The Dungeon, while not as elegant as its sibling The City, manages to retain many of the addictive qualities.

User Rating: 8 | Alternate Reality: The Dungeon A800
Alternate Reality, The Dungeon, in many ways is a true successor to Philip Price's The City. It takes his idea of an expansive and immersive world and leads you to the next stage. In the Dungeon, you learn more about your abductors, gain mightier weapons, and garner the chance for some vengeance.

The only problem with this is that this title isn't by Philip Price. When his development machine succumbed to a hard drive crash, resulting in all loss of his development on The Dungeon (or so the rumor goes), Ken Jordan and Dan Pinal of Datasoft championed the task of completing it. The end result is a game that, while holding true to The City, loses much in the implementation.

Originally, Alternate Reality was to be a series of RPG's, or "Sections of worlds" that a player could freely pass back forth between, harboring riches from one realm to a previous and beyond. However, Price's programming techniques of The City differed greatly from the end results seen in The Dungeon. The result is a large scale "incompatibility" whereby character honed in The City who enter The Dungeon (once they take some stat hits and lose most of their items) can never return. By this account, it seems wiser to start afresh in The Dungeon and play it as a separate game.

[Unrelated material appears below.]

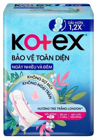 Băng Vệ Sinh Bảo Vệ Toàn Diện Ngày Nhiều Và Đêm Siêu Mỏng Có Cánh Kotex cải tiến với hệ thống bảo vệ chống tràn toàn diện cùng mặt lưới đệm bông ConfortPlus, kết hợp cùng hương trà trắng London dịu nhẹ. Phiên bản 28cm với độ dài hơn 1.2 lần so với phiên bản 23cm, giúp bạn tự tin vận động trong những ngày nhiều và đêm mà không lo tràn băng.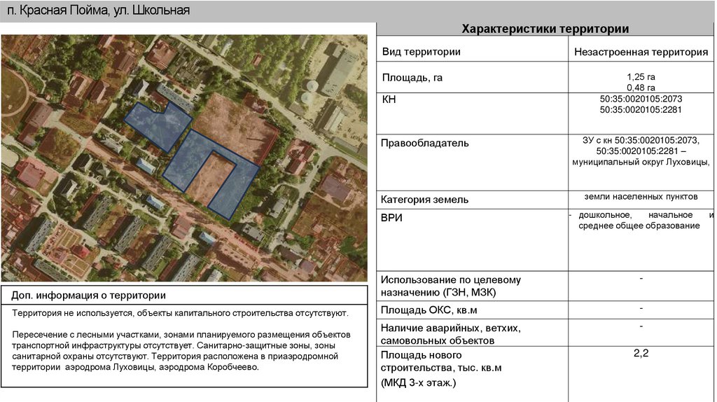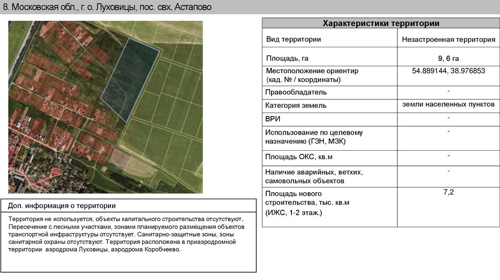 8. Московская обл., г. о. Луховицы, пос. свх. АстаповоХарактеристики территории

While these shortcomings are disappointing, one shouldn't let them detract too much from The Dungeon's ability to stand on its own. While much easier to survive and thrive in than The City, the difficulty levels off at more of a "just right" feeling throughout most of the game. The same non linear gameplay exists, although some measure of direction is required to complete tasks, the method is left mostly to the player. Likewise, The Dungeon offers up more legend and myth (Chapel Garden, anyone? Dare I mention Shingore?) than The City but leverages complement to its predecessor very well(Acrinimeral's Tomb, you were feared indeed).

The Dungeon is a worthy counterpoint to The City, and while dreams and wishes would deem the two played nicer together, we have two great games instead of one.